Task objective: Could you reproduce the lines below from the one with "- 10個セット 新品 日本製 防災頭巾 小学生用 Lサイズ 日本防炎 デニム柄 ブルー" through the one with "qué sirve esto?"? Keep both ends and add nothing.

Exercise data:

* * * * * * * * *

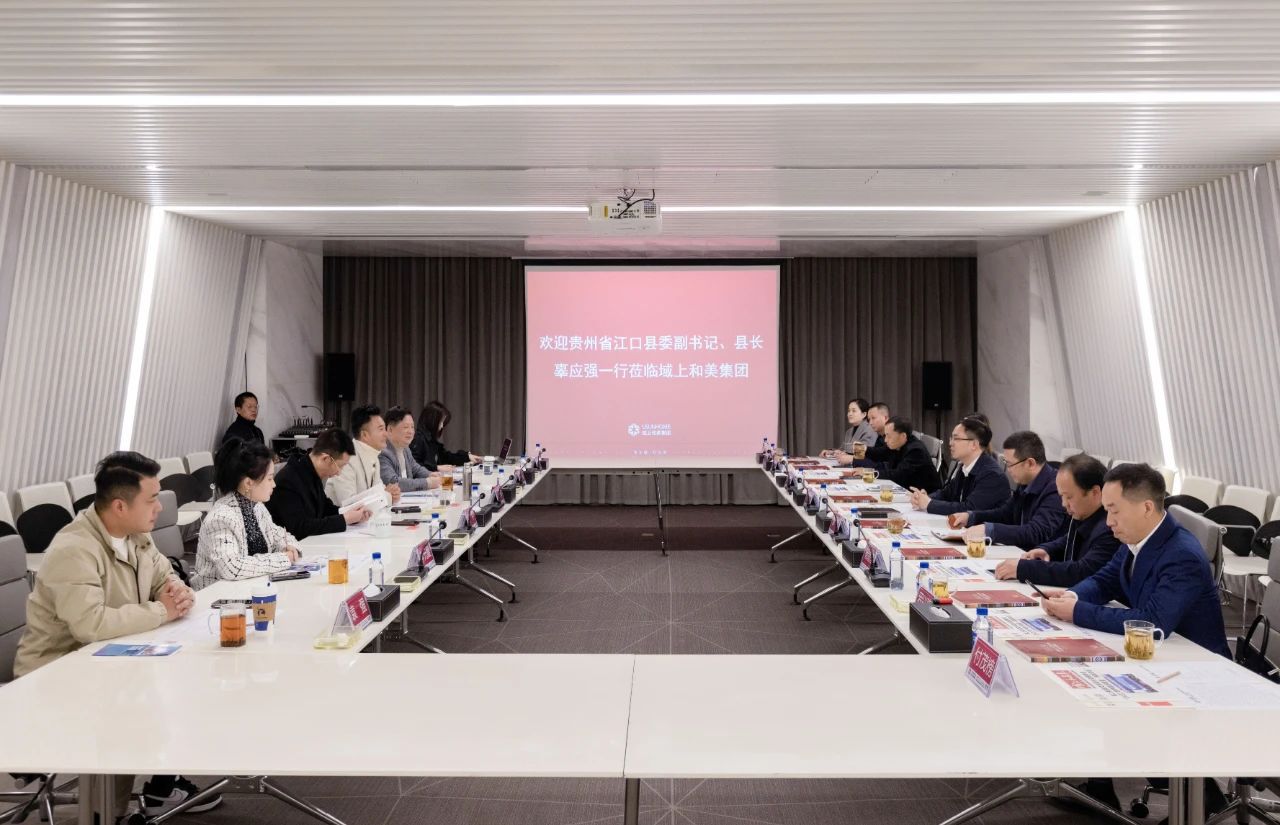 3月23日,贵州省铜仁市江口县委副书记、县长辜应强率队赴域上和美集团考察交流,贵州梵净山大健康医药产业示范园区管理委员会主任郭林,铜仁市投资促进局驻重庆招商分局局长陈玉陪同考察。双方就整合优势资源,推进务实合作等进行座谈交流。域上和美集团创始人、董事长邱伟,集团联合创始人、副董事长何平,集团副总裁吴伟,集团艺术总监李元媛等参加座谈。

* * * * * * * * *

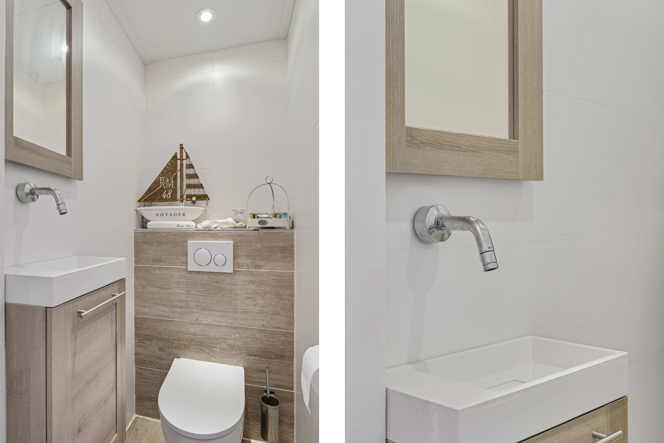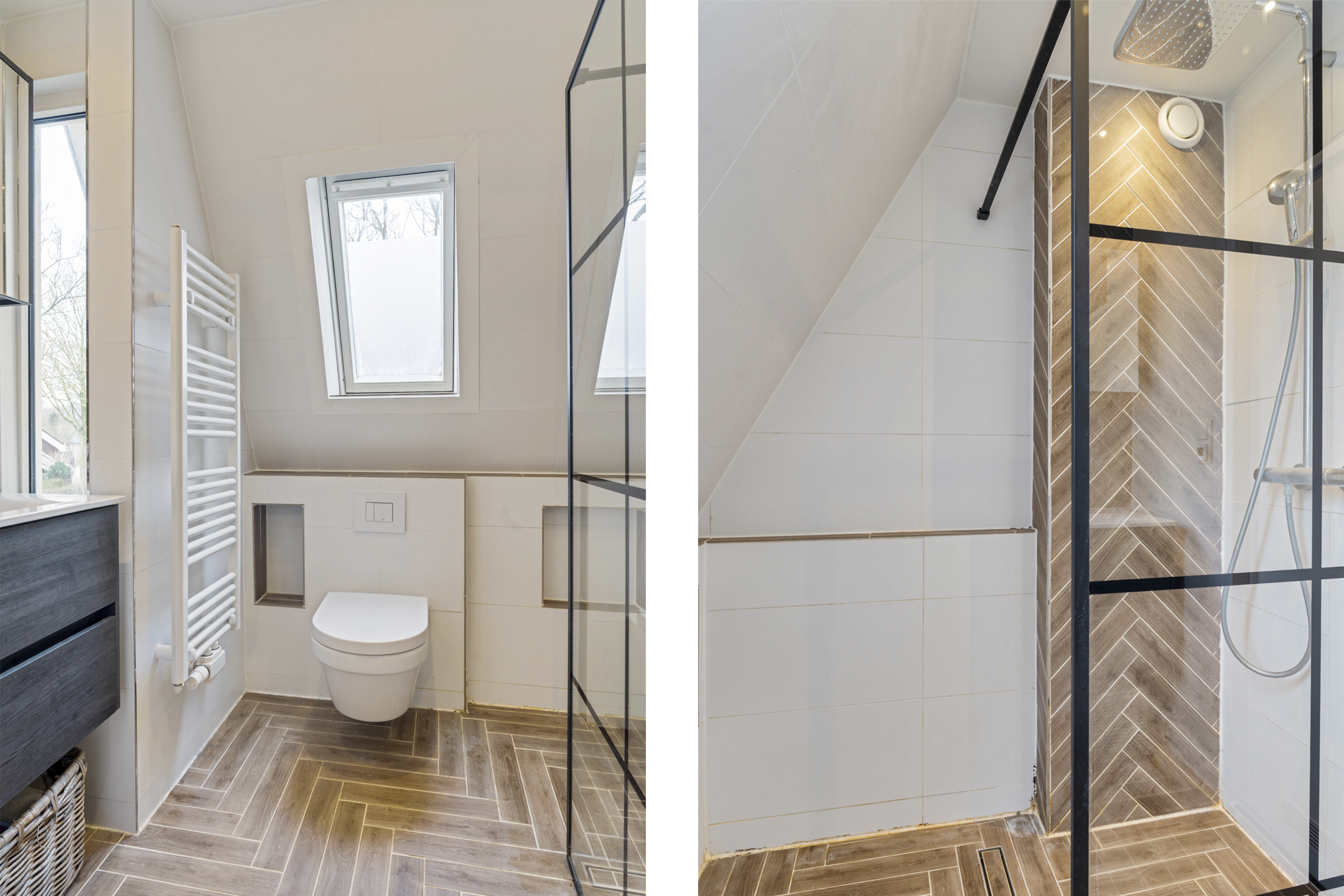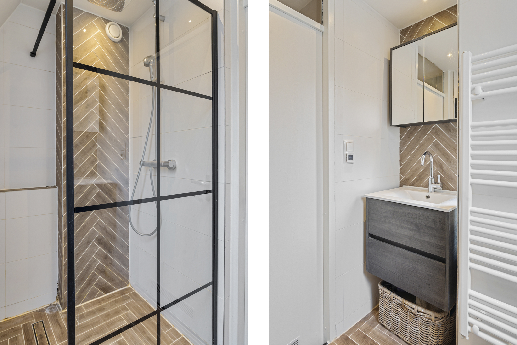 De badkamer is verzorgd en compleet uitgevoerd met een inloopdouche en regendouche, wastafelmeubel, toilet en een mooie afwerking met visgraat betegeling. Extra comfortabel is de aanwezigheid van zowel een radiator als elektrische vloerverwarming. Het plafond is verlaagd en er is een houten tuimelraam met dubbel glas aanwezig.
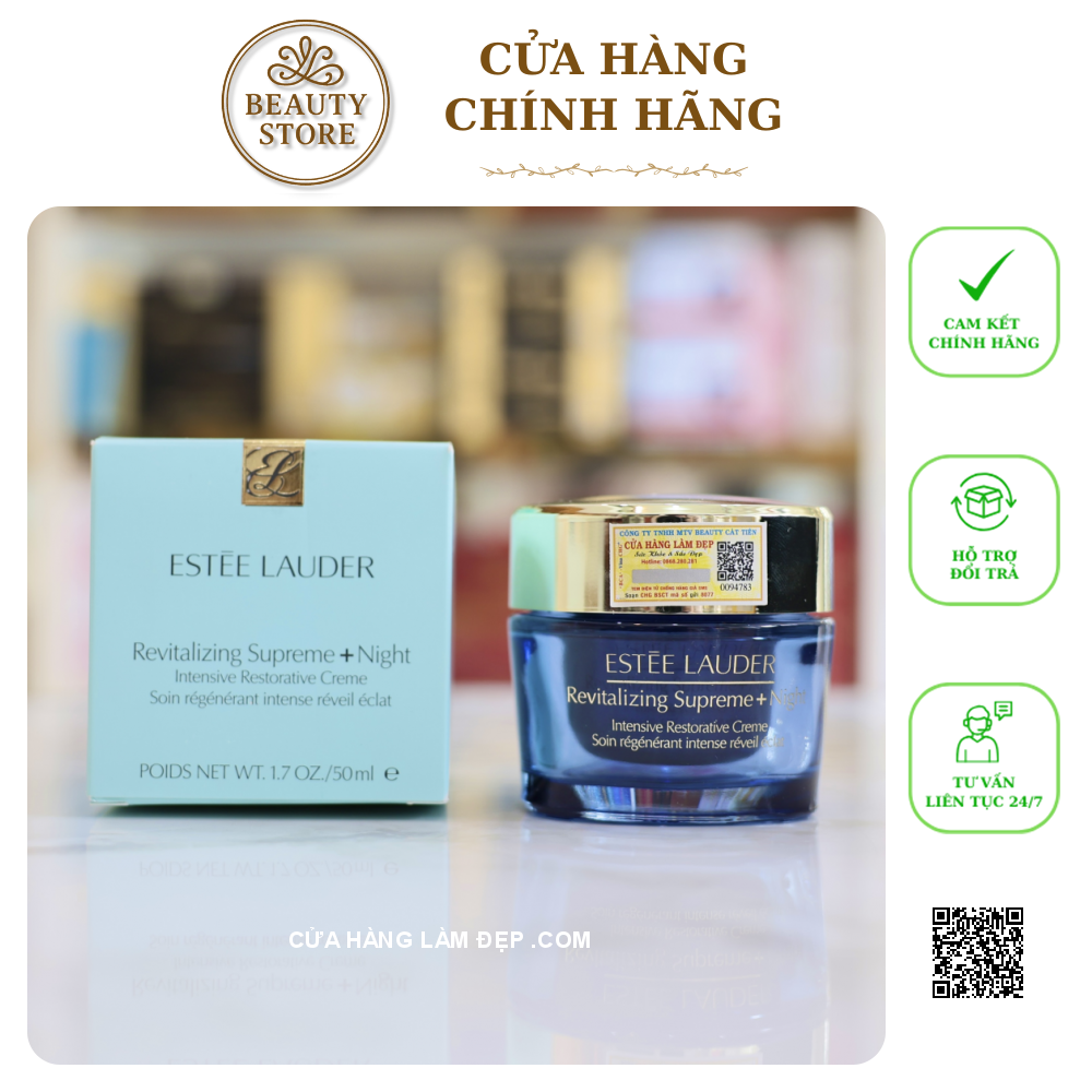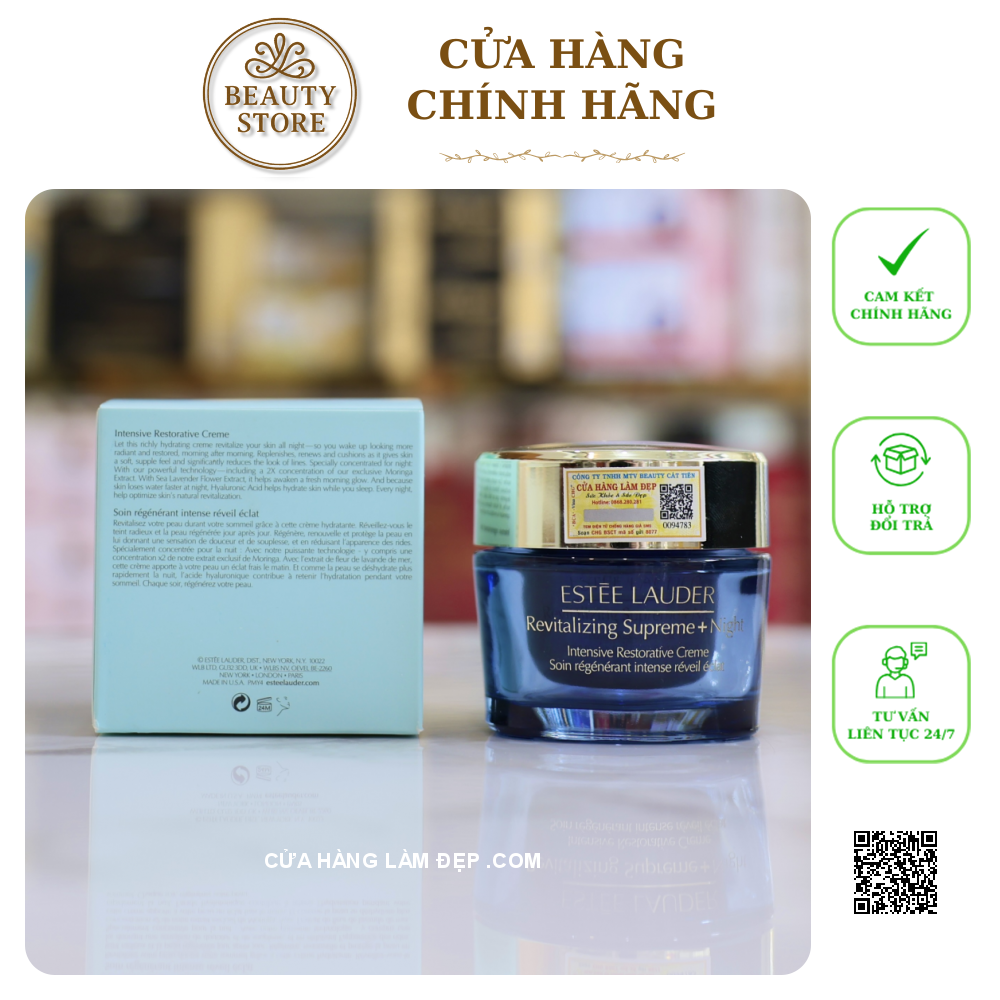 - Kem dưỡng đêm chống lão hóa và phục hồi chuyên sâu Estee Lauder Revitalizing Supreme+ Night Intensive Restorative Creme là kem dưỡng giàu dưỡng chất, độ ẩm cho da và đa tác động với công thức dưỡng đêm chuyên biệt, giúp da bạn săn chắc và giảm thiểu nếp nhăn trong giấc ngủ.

* * * * * * * * *

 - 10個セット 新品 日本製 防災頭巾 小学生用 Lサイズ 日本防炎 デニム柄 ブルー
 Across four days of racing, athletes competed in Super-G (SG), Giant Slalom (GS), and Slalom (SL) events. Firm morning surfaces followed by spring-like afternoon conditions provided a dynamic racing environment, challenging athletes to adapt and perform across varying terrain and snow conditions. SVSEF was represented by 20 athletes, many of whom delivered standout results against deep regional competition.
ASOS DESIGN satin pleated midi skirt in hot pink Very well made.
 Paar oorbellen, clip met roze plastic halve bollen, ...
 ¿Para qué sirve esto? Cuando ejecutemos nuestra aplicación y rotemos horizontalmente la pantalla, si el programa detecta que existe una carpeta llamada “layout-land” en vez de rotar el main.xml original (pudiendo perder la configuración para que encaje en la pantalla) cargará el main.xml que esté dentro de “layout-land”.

* * * * * * * * *

Completed exercise:
 - 10個セット 新品 日本製 防災頭巾 小学生用 Lサイズ 日本防炎 デニム柄 ブルー
 Across four days of racing, athletes competed in Super-G (SG), Giant Slalom (GS), and Slalom (SL) events. Firm morning surfaces followed by spring-like afternoon conditions provided a dynamic racing environment, challenging athletes to adapt and perform across varying terrain and snow conditions. SVSEF was represented by 20 athletes, many of whom delivered standout results against deep regional competition.
ASOS DESIGN satin pleated midi skirt in hot pink Very well made.
 Paar oorbellen, clip met roze plastic halve bollen, ...
 ¿Para qué sirve esto? Cuando ejecutemos nuestra aplicación y rotemos horizontalmente la pantalla, si el programa detecta que existe una carpeta llamada “layout-land” en vez de rotar el main.xml original (pudiendo perder la configuración para que encaje en la pantalla) cargará el main.xml que esté dentro de “layout-land”.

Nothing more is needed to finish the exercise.